## ABOUT THIS EXERCISE
Write out the data word for word and omit every picture.

## RECORDED INFORMATION
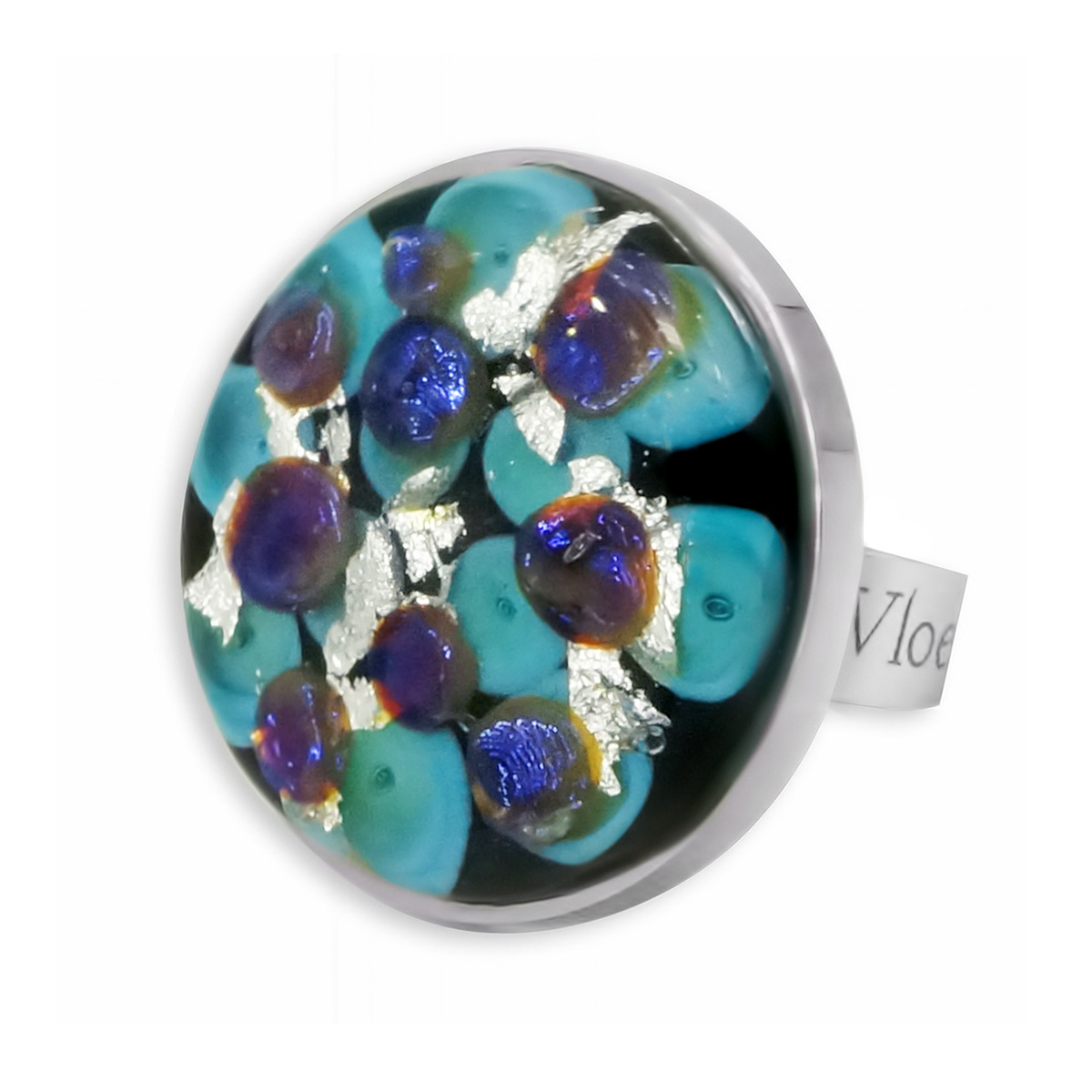 Кольцо изготовлено из муранского стекла и гипоаллергенной ювелирной стали, что очень важно для людей с чувствительной кожей. Металл не темнеет и не подвергается воздействиям окружающей среды, надолго обеспечивая красивый внешний вид изделия. Диаметр стеклянного элемента - 2,5 см. Кольцо безразмерное, регулируется с 16 до 19 размера. Вес - 12 гр.
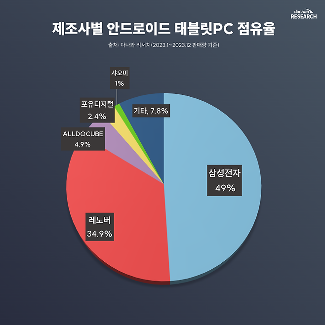 그렇다면 어떤 제조사의 안드로이드 태블릿PC이 가장 인기를 끌었을까? 다나와 리서치를 살펴보면, 지난해 안드로이드 태블릿PC 시장의 맹주는 판매량 점유율 절반(약 49%)을 차지한 삼성전자였다.
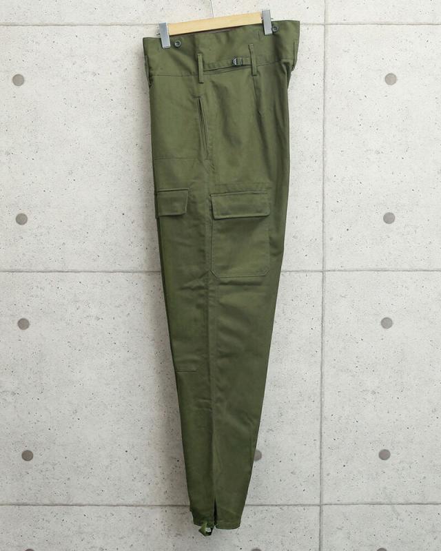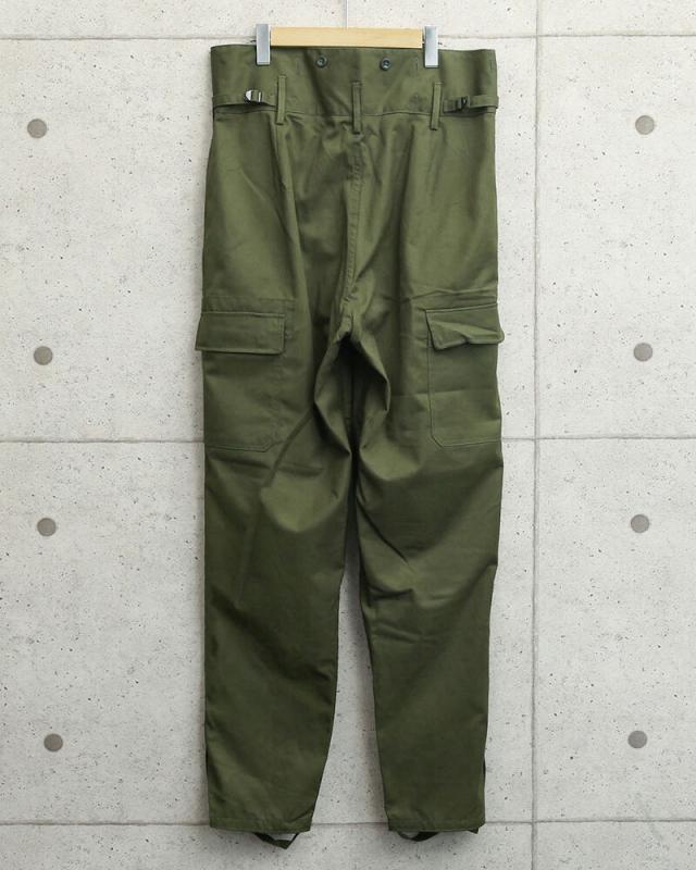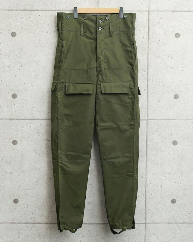 | 商品説明 | 実物 新品 デッドストック チェコ軍 M-85 ダブルニーフロント フィールド カーゴパンツのご紹介です。 チェコ軍より非常に独特なデザインのフィールドカーゴパンツが入荷しました! なんと言ってもフロントのフラップカーゴポケットが目をひくデザインで、バックポケットもフロントと同じ位置に配置されています。フロントカーゴポケットから膝部分までは2重に補強されたダブルニー仕様で戦場に耐えるように構築されたこだわり抜かれたディテールとなっています。 ハイウエストのデザインは体温を維持するのに役立ち、ウエストはアジャスターで調節可能、さらにサスペンダーボタンが付属していますので、サスペンダーを取り付けて雰囲気抜群のこなれた印象のスタイルでも着ていただけるカーゴパンツです。 ヘリンボーン素材のフィット感を高める足掛け付き、内側にライナーの取り付けなどが可能なボタン、フロントはボタンフライで見事なまでのヴィンテージディテールとなっています。 そのスタイリッシュな雰囲気は、さすがユーロミリタリーと思わせてくれるアイテムで、機能性は言うまでもなく、シルエット、着用感共に抜群で他とは違うおすすめの一品です。 | ||||||||||||||||||||||||||||||||||||||||||||||||||||||||||||

## EXERCISE SOLUTION
 Кольцо изготовлено из муранского стекла и гипоаллергенной ювелирной стали, что очень важно для людей с чувствительной кожей. Металл не темнеет и не подвергается воздействиям окружающей среды, надолго обеспечивая красивый внешний вид изделия. Диаметр стеклянного элемента - 2,5 см. Кольцо безразмерное, регулируется с 16 до 19 размера. Вес - 12 гр.
 그렇다면 어떤 제조사의 안드로이드 태블릿PC이 가장 인기를 끌었을까? 다나와 리서치를 살펴보면, 지난해 안드로이드 태블릿PC 시장의 맹주는 판매량 점유율 절반(약 49%)을 차지한 삼성전자였다.
 | 商品説明 | 実物 新品 デッドストック チェコ軍 M-85 ダブルニーフロント フィールド カーゴパンツのご紹介です。 チェコ軍より非常に独特なデザインのフィールドカーゴパンツが入荷しました! なんと言ってもフロントのフラップカーゴポケットが目をひくデザインで、バックポケットもフロントと同じ位置に配置されています。フロントカーゴポケットから膝部分までは2重に補強されたダブルニー仕様で戦場に耐えるように構築されたこだわり抜かれたディテールとなっています。 ハイウエストのデザインは体温を維持するのに役立ち、ウエストはアジャスターで調節可能、さらにサスペンダーボタンが付属していますので、サスペンダーを取り付けて雰囲気抜群のこなれた印象のスタイルでも着ていただけるカーゴパンツです。 ヘリンボーン素材のフィット感を高める足掛け付き、内側にライナーの取り付けなどが可能なボタン、フロントはボタンフライで見事なまでのヴィンテージディテールとなっています。 そのスタイリッシュな雰囲気は、さすがユーロミリタリーと思わせてくれるアイテムで、機能性は言うまでもなく、シルエット、着用感共に抜群で他とは違うおすすめの一品です。 | ||||||||||||||||||||||||||||||||||||||||||||||||||||||||||||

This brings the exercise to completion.